家を出てから初めて、子どもを見かけた日

心のこと

家を出てから、子どもとは一度も会っていません。

この先も、こちらから「会いたい」とは言わない。子どもが望んだ時に考えよう。

以前の記事では、そう書きました。

けれど、その記事を公開した直後、私は偶然、子どもの姿を見かけました。

ほんの一瞬のことでした。

それでも、抑えていた感情が一気にあふれ、自分でも驚くほど大きく心が揺れました。

今回は、子どもを見かけた日のことと、その後に自分が取った行動、そして今感じていることを書こうと思います。

一瞬見かけただけで、心が大きく揺れた

家を出てから約9ヶ月、子どもとは一度も会っていませんでした。

その日はちょうど、「前を向いても、子どものことは毎日思い出す。」という記事を書いたばかりでした。もう会うことはないかもしれない。少なくとも、こちらから「会いたい」とは言わない。そんな自分なりの覚悟を、文章にした直後のことでした。

私は、元妻や子どもの普段の生活圏からは離れたショッピングモールにいました。

歩いている途中、なぜかふと立ち止まりました。本当に理由はありません。

その瞬間、私のすぐ横を子どもが走って通り過ぎていきました。

その後ろを、元妻が追うように歩いていました。

私は二人の進行方向と同じ方を向いていたため、こちらの顔は見えず、存在には気づいていなかったと思います。

最初は、「なんでここに?」という気持ちでした。

でも、見間違えるはずがありません。ずっと会いたいと思っていた子どもです。ほんの一瞬でも、その姿を間違えるとは思えませんでした。後ろを歩いていた元妻も、手に持っていた買い物袋も、私にとっては見慣れたものでした。

もしあの時、偶然立ち止まっていなければ、見かけることはなかったと思います。

そう考えると、本当に偶然でした。

子どもは、以前より大きくなっていました。ほんの一瞬だったので、それ以上のことは分かりません。それでも、元気そうな姿を見られたことには安心しました。

でも、嬉しいという気持ちだけではありませんでした。

会いたい。

もう一度見たい。

声をかけたい。

でも、声をかけてはいけない。

離婚後の面会については、公正証書で子どもの意思を尊重することになっています。私自身も、自分が寂しいから、会いたいからという理由だけで求めてはいけない、子どもが望んだ時に考えようと決めていました。
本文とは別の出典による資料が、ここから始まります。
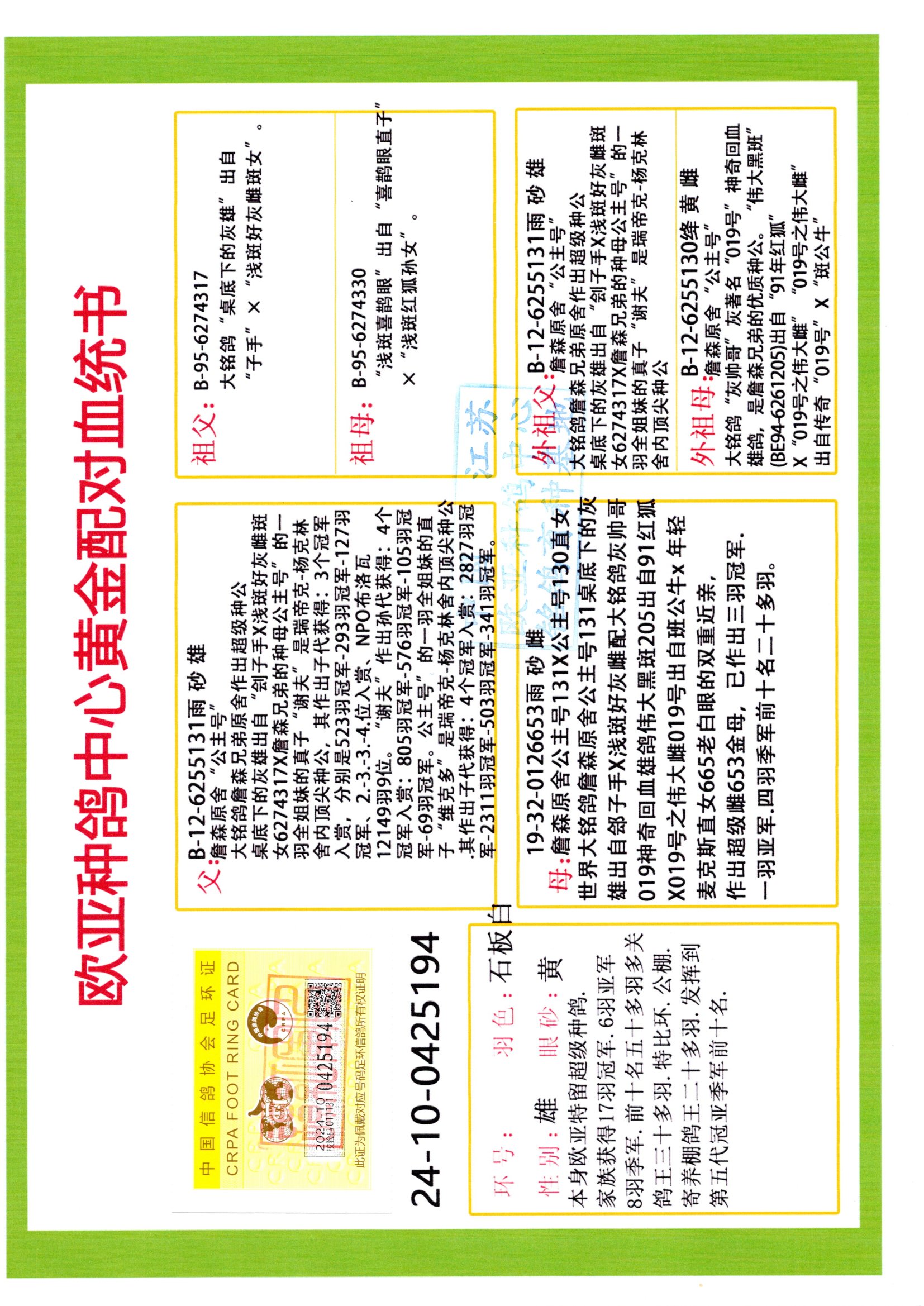 24年秋南京特比环欧亚荣获大团体冠军.小团体冠军551公里大特比13名.14名.16名.19名.20名.21名.24名.26名.27名.28名.42名.52名.54名.57名.65名.66名.68名.70名.71名.72名.74名.76名.80名.82名.83名.84名.85名.86名.90名.92名.110名.116名.121名.122名.128名.131名.158名.161名.164名.165名.166名.172名.174名.177名.182名.195名.196名.201名.205名.208名.210名.216名.253名.269名.275名.276名.294名.296名.299名,,24年秋云南天南铜都公棚决赛415名.天南铜都小棚决赛409名.云南玉活公棚决赛102名.490名.团体32名上笼二羽进二羽,天南铜都大棚506公里决赛445名。热烈祝贺河北省巨鹿县李兰生老师用欧亚泰山号血系连续十一年夺冠军,河北省国家赛冠军.全国季军等多次前十名高位,扬州王军王总用欧亚利奥24年春季获山东翔宇公棚决赛33名盖比53名。南京刘正龙刘总用欧亚盖比获得24年秋山东潍坊国际公棚决赛42名.精英赛30名.三关鸽王71名.决赛86名.加站赛16名.南京市特比环A组鸽王9名.B组鸽王5名.6名.C组鸽王5名.精英赛冠军4名.技能赛A组冠军4名.5名.秦淮区特比环荣获15名.46名.48名.87名。四川西昌徐亮徐总用欧亚利奥获得凉山州聚友决赛177名.第二关亚军双关鸽王19名.三关鸽王105名.云南豪庭公棚决赛603名。热烈祝贺24年四川重庆翔园鸽舍用欧亚泰山号荣获春季400公里冠军.秋季500公里冠军,河北王总用詹森X利奥获得千羽千翔公棚400公里冠军,广东蔡楷焕荣获24年秋爱好者 赛鸽俱乐部三关鸽王季军.一关420公里99名.二关450公里11名.三关520公里32名.单关季军.7名.12名,江西李卫兴荣获贵州红枫公棚8名.共翔俱乐部寄养棚四关综合鸽王30名.一关400公里78名.二关500公里55名.三关520公里37名.四关500公里57名.同父母获公棚18名.雷鸣获得武汉黄浦育翔中心冠军,四川陈文获得四川明鸿俱乐部300公里梦幻2名.3名.4名.9名.10名.13名.14名.15名.31名.34名.40名.41名.42名.43名.69名.71名.72名.73名.74名.94名.95名.97名.98名.99名.419公里决赛荣获总冠军7名.总共归巢9羽,四川徐亮获豪庭决赛603名,山西郑勇获得山西泰鑫公棚决赛255名詹森红狐,热烈祝贺马总获得开尔(飞跃队)决赛9名获奖金1310000万元.第一关52名,天津津福资赛180公里96名.获奖金429543万元,欧亚支持全国鸽友24年秋多人报喜 祝大家取得更好成绩,给欧亚报喜鸽友欧亚决定给每人赠送一羽超级种鸽。欧亚俱乐部特比环多关鸽王成绩:15年秋淮安特比环黑色星期一全会上笼9700多羽,当天无鸽归巢,第二天全会归巢357羽,本舍归巢158羽.前十名八羽.前一百名归巢57羽,16年春季获五关鸽王总冠军,总亚军四名.六名.七名.九名.十名.晶艺俱乐部520公里冠亚季军5名.6名.7名.9名.11名等,火车头冠军.季军6名.8名.9名.10名,16年秋晶艺俱乐部特比环520公里亚军.季军4名.6名.7名.9名,15年春南京白下特比环冠军.亚军.季军6名.7名.8名.9名.10名.指定鸽A B组获得冠军.亚军.季军4名.5名.,17年淮安特比环亚军.4名.5名.7名.8名.10名.六关鸽王总冠军.4名.6名.9名.10名,寄养棚宿迁刘总20羽特比环获冠军.季军.4名.7名.8名.9名等。18年荣获万羽特比环六关鸽王总冠军.总亚军.总季军.6名.8名.十名.单关四羽冠军.二羽亚军.四羽季军.前十名27羽。19年秋万羽特比环六关鸽王总亚军.总季军.5名.8名等,单关二羽冠军.三羽亚军.一羽季军前十名31羽。20年秋淮安市鸽会四关特比环大赛风雨无阻鸽王亚军.鸽王六名,金品俱乐部万羽特比环六关鸽王总冠军,总亚军.四名.五名.六名.七名.八名.十名.前二百名鸽王35羽,单关冠亚季军前十名四十多羽,火车头五关鸽王季军.六名.八名.前二百名鸽王十七羽。20年春荣获淮安五区一市四关鸽王总冠军.亚军.四名.八名.九名。21年秋荣获金品万羽特比环大赛六关鸽王总亚军.总季军.四名.七名.九名.十名.单关冠亚军季军前十名三十多羽。火车头协会鸽王六名.七名.十名.单关前十名十七羽。22年秋荣获鸽王总冠军.总亚军.5名.7名.8名.9名.11名.单关冠亚季军前十名三十多羽,第一关单关前二百名四十多羽,第二关前二百名三十多羽,第三关前二百名四十多羽,第四关前二百名四十多羽,第五关前一百名53羽。23年秋荣获鸽王季军.五名.八名.十名.13名.17名.20名.27名等多羽鸽王.单关前十名二十多羽。公棚.寄养棚部分成绩:16年秋宁夏黄河公棚总冠军电脑戈马力指定通炮冠军,17年送八羽参赛获得鸽王八名进奖四名,支持韩总荣获八名。支持鸽友荣获宁夏中卫公棚决赛总冠军.精英赛冠军,支持18年宁夏黄河公棚决赛冠军詹森X泰山。安徽鼎博寄养棚院内外四关鸽王总冠军.鸽王十七名.三十七名同窝,鸽王39名.42名.58名.67名。18年山东公棚预赛冠军.决赛65名.送八羽进奖五羽.指定获奔驰汽车一辆。支持鸽友获得云南蓝云公棚冠军.盖比X佛卡门。支持鸽友荣获云南银集公棚决赛冠军 詹森427X520血系 速度赛6700羽冠军。17年荣获金马俱乐部寄养棚四关鸽王总冠军.季军.六名.八名.第一关冠军.亚军.季军四名.七名.十一名.金牌教练奖。支持鸽友18年北京费翔公棚预赛九名电脑X桑杰士,支持鸽友荣获陕西威力公棚决赛11名.内蒙古临河寄养棚四关鸽王六名.詹森配泰山,支持河北王总用欧亚詹森427配胡本喜获20年秋开尔青年棚季军。云南东荣公棚16年预赛冠军.决赛77名.17年决赛12名.詹森红狐X泰山,17年平安公棚决赛4名 詹森427。欧亚获得21年金母寄养棚第一关四名.第二关5名.第三关5名.6名.7名.10名.三关鸽王总冠军,四关鸽王14名.十羽鸽王。支

だから、突然目の前に現れたからといって、自分の気持ちだけで声をかけることはできませんでした。

いろいろな思いが一気に押し寄せてきて、私はその場から動くことができませんでした。

二人はそのままエレベーターの方へ向かっていきました。私はただ、立ち尽くしていました。
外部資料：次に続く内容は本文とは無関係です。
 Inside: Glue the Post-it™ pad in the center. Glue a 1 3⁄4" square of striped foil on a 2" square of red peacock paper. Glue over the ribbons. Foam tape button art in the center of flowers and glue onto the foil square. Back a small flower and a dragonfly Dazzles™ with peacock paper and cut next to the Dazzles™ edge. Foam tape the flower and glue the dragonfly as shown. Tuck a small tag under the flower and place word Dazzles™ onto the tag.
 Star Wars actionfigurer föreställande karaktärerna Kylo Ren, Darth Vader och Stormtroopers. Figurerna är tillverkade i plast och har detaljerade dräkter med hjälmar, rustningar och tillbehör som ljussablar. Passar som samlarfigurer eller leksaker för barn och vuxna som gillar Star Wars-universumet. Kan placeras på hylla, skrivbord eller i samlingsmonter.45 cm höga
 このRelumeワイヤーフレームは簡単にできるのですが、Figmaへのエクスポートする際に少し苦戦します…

少ししてから、「やっぱり、もう一目だけ見たい」と思いました。

気づけば、もう一度見つけられないかと、ショッピングモールの中を一周していました。

でも、歩きながら思いました。

会って、どうするのだろう。

声をかけていいはずがない。

こちらから会いたいとは言わないと、ほんの少し前に自分で書いたばかりでした。

結局、もう一度姿を見ることはなく、そのまま帰ることにしました。

ほんの一瞬、子どもの姿を見ただけでした。

それなのに、自分で文章にしたばかりの覚悟が揺らぐほど、抑えていた感情が一気にあふれてきました。

「もうこちらからは言わない」と決めたのに

そのまま帰ろうとしても、気持ちはなかなか落ち着きませんでした。

声をかけるべきではなかったことは分かっていました。こちらから「会いたい」とは言わない。そう自分で決めたことも分かっていました。

それでも、我慢することができませんでした。

子どもを見かけたあと、私は元妻にLINEを送りました。

「子どもに、私と会いたいか聞いてほしい」

そう伝えました。

自分で決めたことと違う行動をしていることは分かっていました。しかも、「もうこちらからは言わない」と記事に書いたばかりです。
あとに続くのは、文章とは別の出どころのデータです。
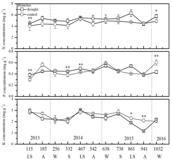 Branch elemental concentrations of N, P, and K in P. massoniana under control and drought treatments (mean ± SD). Samples were selected in late summer (LS), autumn (A), winter (W), and late spring (S) from 2013 to 2016. Different letters indicate significant differences between the control and the drought plots; ** p < 0.01, * p< 0.05.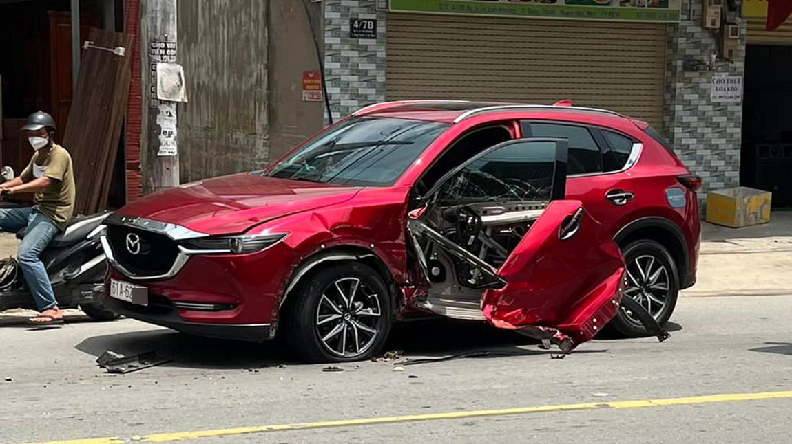 Tại hiện trường, phần cửa bên lái chiếc Mazda CX5 hư hỏng nặng. Rất may, tài xế không bị thương.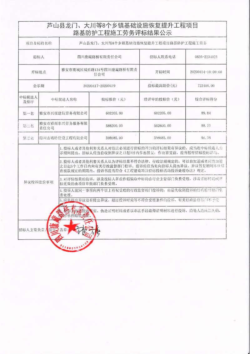 四川康藏路橋有限責任公司蘆山縣龍門、大川等8個鄉(xiāng)鎮(zhèn)基礎設施恢復提升工程項目路基防護工程施工勞務評標結果公示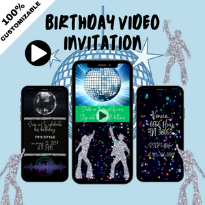 Turn up the funk and shine like a disco ball with this electrifying 70's Silver Disco Birthday Video Invitation! Inspired by the glittering disco era and the iconic “Blame It On The Boogie” vibe, this animated digital invite sets the stage for a celebration full of rhythm, sparkle, and retro style.
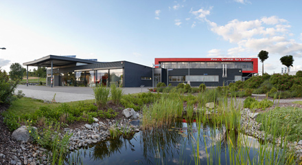 Im Industriegebiet zwischen Villingen und Schwenningen hat man auf einem 6200 Quadratmeter großen Grundstück ein hoch modernes Orthopädie + Vital Zentrum mit 1800 Quadratmetern Gebäudefläche errichtet, barrierefrei ausgelegt und konsequent an den Bedürfnissen der Kunden orientiert.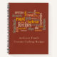 Keep all your favourite recipes together in this Family Country Cooking Recipes Sayings Notebook. A beautiful burnt umber cover features words about cooking: aromas, desserts, candies, broiling, casseroles, favourites, grandma's baking, marinades, etc. Add your name and give your album a title to make it personal to you, or use this as a gift to newlyweds or housewarming events. Designed to complement other products in my store with the same design. Design ©Coastal South Designs.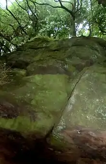 The Habichtwand is a rock formation located in the city of Bad Oeynhausen and the district of Minden-Lübbecke within the German state of North Rhine-Westphalia, not far from the city of Minden. The rock is located in the Wiehen Hills. The meaning of the German term "Habichtswand" is "Wall of the Northern Goshawk".

それでも、一度子どもの姿を見てしまったことで、それまで抑えていた「会いたい」という気持ちが一気にあふれてしまいました。

あの時の自分には、子どもが今どう思っているのか、聞かずにはいられなかったのだと思います。

この行動が正しかったのかは、今でも分かりません。

ただ、文章にしたばかりの決意さえ守れなくなるほど、あの一瞬で自分の気持ちが大きく揺れたことだけは事実です。

返ってきたのは、「会いたくない」という言葉だった

その後、元妻から返事がありました。

最初に返ってきたのは、

「やだって」

という短い言葉でした。

そして、すぐにもう一通届きました。

「パパが会いたいって思っても、僕が会いたくないから、二人の気持ちが同じじゃないから会えないんだよ」

そう言っている、と伝えられました。

その言葉を見た時、かなり堪えました。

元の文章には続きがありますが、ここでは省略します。